Oh well.  It appears that these solutions will help alleviate the SHORTAGE of medical doctors, and also not burden them with a lifetime of unsustainable debt at the same time while increasing access.  I know I am certainly  looking forward to the Cartel's own solution, perhaps using NYU as a model example.  It should be coming along anytime now...I'm sure Cooley and Infilaw are on it, to say nothing of the T100.
 
 

Tuesday, August 7, 2018

Cooley's Don LeDuc "Got His," Now Retiring to Spend More Time With Family

In a move that surprises absolutely no one:

Don LeDuc, who oversaw Thomas M. Cooley Law School's explosive growth into the largest law school in the country, is retiring as Cooley's president at the end of August.
 
LeDuc arrived at Cooley as a professor in 1975 and served as dean from 1982 until he was asked to resign in 1987. In 1996, a majority of faculty supported LeDuc's bid to become dean once again. He became Cooley's second president in 2002, succeeding founder Thomas Brennan. 
 
LeDuc was not available to comment on his retirement Tuesday evening, according to a public relations firm working with the law school. 
 
One has to ask why a law school, after forcing a resignation in '87 of a professor-turned-dean, would say ten years later "Hey, remember that guy...?  He wasn't so bad...!  Let's hire him!" 
 
In 1995, the year before LeDuc became dean for the second time, the school's enrollment was about 1,700 students. By 2010, that number had climbed to nearly 4,000, according to data from the American Bar Association. 
 
The same year, Cooley paid just shy of $1.5 million for the naming rights for what is now Cooley Law School Stadium, the minor league baseball park in downtown Lansing. Those rights expire in 2021.
 
Cooley also expanded its reach under LeDuc's leadership, opening campuses in Auburn Hills, Grand Rapids, Ann Arbor and Tampa Bay, Florida.
 
Oh, right.  Nobody else could ride the scam-wave and drum up the Benjamins quite like that, except maybe the Valvoline Dean.  And to think it might have had to do with academic rigor, mission, or something similar, just like the ABA (snicker).  Every law school needs a minor league baseball park and several satellite campuses, some in entirely different states.  Just ask Yale or Harvard.
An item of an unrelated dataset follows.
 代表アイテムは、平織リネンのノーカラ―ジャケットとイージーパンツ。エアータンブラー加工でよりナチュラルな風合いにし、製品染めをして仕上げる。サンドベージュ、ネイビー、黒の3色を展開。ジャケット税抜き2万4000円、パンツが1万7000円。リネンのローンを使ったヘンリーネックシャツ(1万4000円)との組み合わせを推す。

Many, many outlets decried Cooley's practices and the consequences thereof, with OTLSS being one of the chorus.  Here are a few select examples, and there are many more out there from various sources:

http://outsidethelawschoolscam.blogspot.com/2014/07/breaking-news-cooleys-ann-arbor-campus.html  (declining enrollment)

http://outsidethelawschoolscam.blogspot.com/2015/04/lies-damned-lies-and-employment.html  (gaming employment statistics)
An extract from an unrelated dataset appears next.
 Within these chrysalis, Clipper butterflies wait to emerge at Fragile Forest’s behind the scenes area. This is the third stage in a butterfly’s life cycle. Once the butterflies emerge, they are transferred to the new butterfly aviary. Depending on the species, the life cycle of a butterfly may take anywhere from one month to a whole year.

http://outsidethelawschoolscam.blogspot.com/2014/08/cooleys-michigan-campuses-going-to-take.html  (reducing faculty)

http://outsidethelawschoolscam.blogspot.com/2018/05/cooley-non-profit-or-inflilaw-contender.html  (Least selective law school, Cooley lawsuit in response to ABA enforcement)

http://outsidethelawschoolscam.blogspot.com/2014/11/keep-your-kids-off-cooley.html (pipeline program)

https://www.lstreports.com/schools/cooley/  (LST Data)

http://outsidethelawschoolscam.blogspot.com/2014/08/the-wreck-of-thomas-m-cooley.html (awesome Liberal Arts submission)

Oh well.  At least Cooley has the distinction of being the least-selective law school in the country.  I guess that's something, and Leduc has his golden parachute to show for it.  Scam-on, my friends.